2) configuring RABBITMQ in Linux can be found in one of my other articles: http://www.cnblogs.com/devinCat/articles/7172927.html

3) Development tools: pycharm+python3.6

2. The role of MQ in this task: to split a task vertically into blocks, each piece of message queue for the media to connect and transfer the required information, so that the implementation of different task logic of the code can work in parallel, do not affect and can improve the efficiency of the program, Message Queuing has six modes of operation, Here is Work mode, suggest Baidu understand the principle, in this but more elaboration. Below I draw a picture to help you understand the code implementation logic and process, hope to help everyone! (Big point to see more clearly)
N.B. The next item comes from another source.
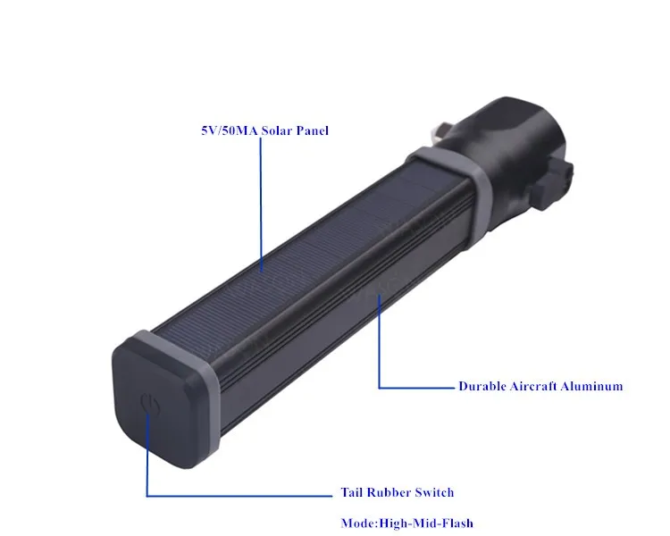 Lighting Distance: | T6:300m | Solar Panel: | 5V/50MA | |||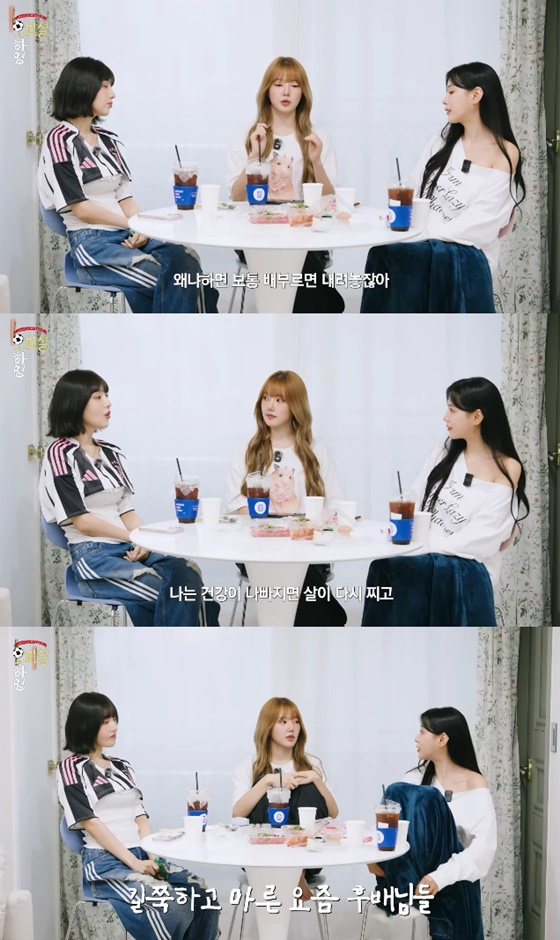 그룹 에이핑크 하영은 연예계 절친인 예린과 그룹 레드벨벳 조이와 만났다. 이들은 몸매 관리에 대한 이야기를 나눴다.

The code on GitHub, I small white, I hope the great Gods more guidance: Https://github.com/DevinCat/Cat

Follow-up will add multithreading, and constantly optimize and improve, although hard, after the realization or there is a kind of what is the sense of ^?_?^, hope that we have a lot of advice, welcome message exchange!

PYTHON+RABBITMQ Crawl a dating website user data

Related Article

Contact Us

The content source of this page is from Internet, which doesn't represent Alibaba Cloud's opinion; products and services mentioned on that page don't have any relationship with Alibaba Cloud. If the content of the page makes you feel confusing, please write us an email, we will handle the problem within 5 days after receiving your email.

If you find any instances of plagiarism from the community, please send an email to: info-contact@alibabacloud.com and provide relevant evidence. A staff member will contact you within 5 working days.

A Free Trial That Lets You Build Big!

Start building with 50+ products and up to 12 months usage for Elastic Compute Service

  • Sales Support

    1 on 1 presale consultation

  • After-Sales Support

    24/7 Technical Support 6 Free Tickets per Quarter Faster Response

  • Alibaba Cloud offers highly flexible support services tailored to meet your exact needs.